§ Task to carry out
The required output is the line with "Real-time response of" plus all lines that follow it to the end of the listing below, written out exactly, with no pictures.

§ Supplied information
⟨
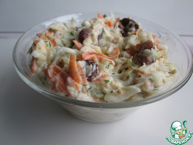 Мои впечатления о салате самые замечательные! Изюм очень гармонично вливается в общий вкус и "уравновешивается" уксусом в заправке! Такому салату можно дать второе название "За уши не оттянешь"!
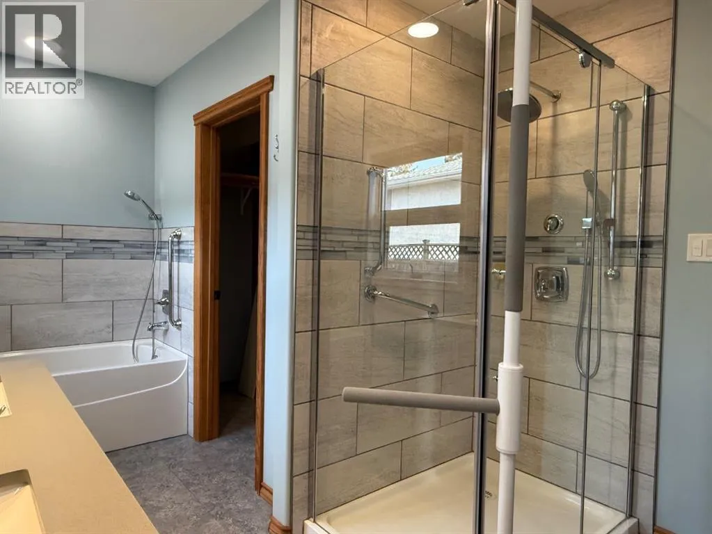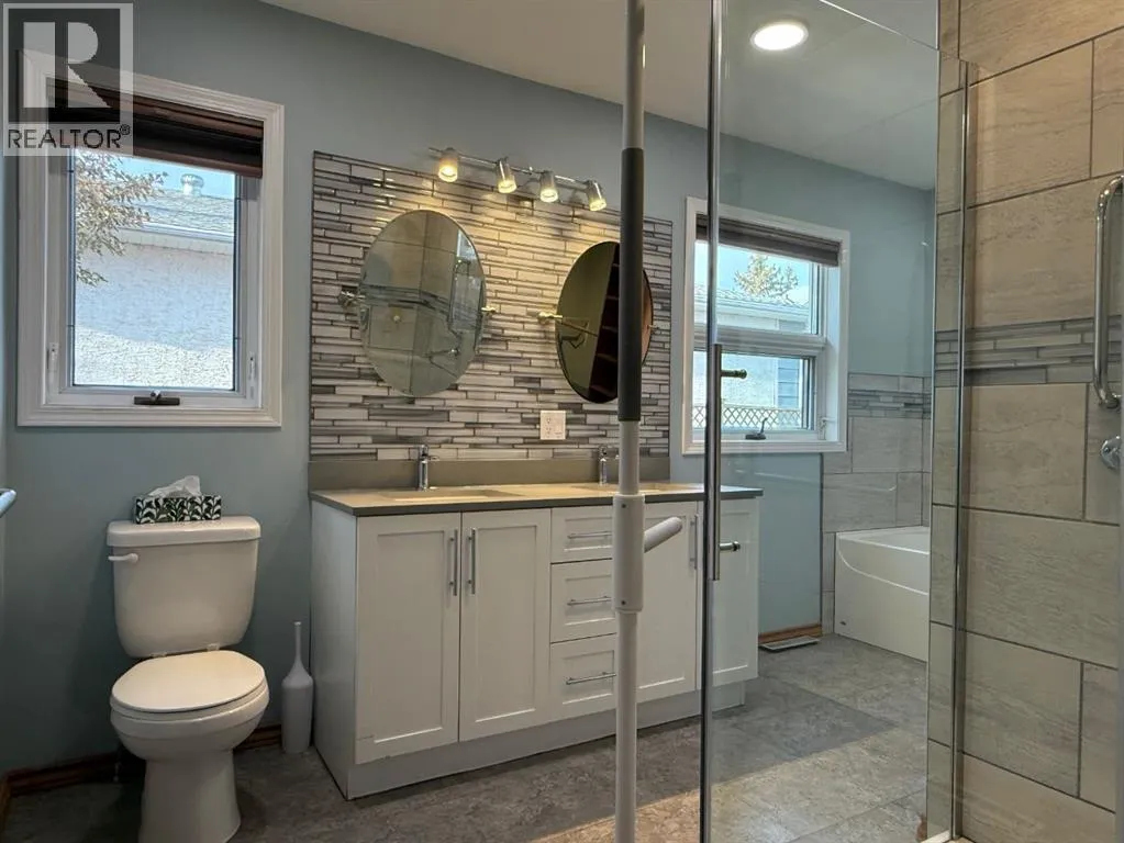 This beautifully updated home welcomes you with an inviting open concept layout, providing a spacious and connected atmosphere. The large kitchen flows seamlessly into both the dining and living areas, making it perfect for daily living as well as entertaining guests. Ample cupboard space and a corner pantry ensure plenty of storage, while the beautiful gas stove and quartz countertops create an elevated, classy feel in the kitchen.A convenient butler pantry expands the functional space, offering additional counters, storage, a second fridge, and a sink, ideal for busy households or hosting gatherings. From the kitchen, step out onto the sunny southwest facing wraparound deck, perfect for afternoon relaxation or enjoy your morning coffee on the east facing deck.The primary bedroom features a walk in closet and a stunning five piece ensuite, created to relax and unwind. On the lower level, you'll find an additional bedroom, a full bathroom, a spacious family room, and a generous storage area, ensuring comfort and versatility for every member of the household.Outside, the property boasts a heated double garage and a carport, both with convenient access from the back alley. This setup offers practical solutions for parking and storage, enhancing the overall functionality and appeal of the home. For your yard tools and equipment, the 9' x 20' shed can hold it all! This is an unique home with beautiful finishes, inviting and warm, looking for the next owners! (id:27476)
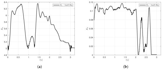Real-time response of the controller gains adding the cylindrical load of 1.9 kg (a)  and (b) .
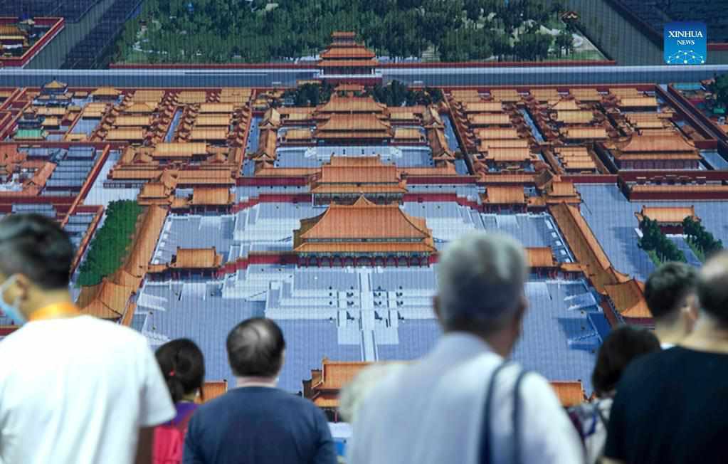 Visitors watch HD film about the Palace Museum during the 2021 China International Fair for Trade in Services (CIFTIS) in Beijing, capital of China, on Sept. 7, 2021. The six-day 2021 China International Fair for Trade in Services (CIFTIS) is coming to a close on Tuesday, with businesses wrapping up their exhibitions of products and services offline and online, and industry leaders finalizing their thematic conferences. (Xinhua/Wu Wei)
⟩
§ Expected answer
Real-time response of the controller gains adding the cylindrical load of 1.9 kg (a)  and (b) .
 Visitors watch HD film about the Palace Museum during the 2021 China International Fair for Trade in Services (CIFTIS) in Beijing, capital of China, on Sept. 7, 2021. The six-day 2021 China International Fair for Trade in Services (CIFTIS) is coming to a close on Tuesday, with businesses wrapping up their exhibitions of products and services offline and online, and industry leaders finalizing their thematic conferences. (Xinhua/Wu Wei)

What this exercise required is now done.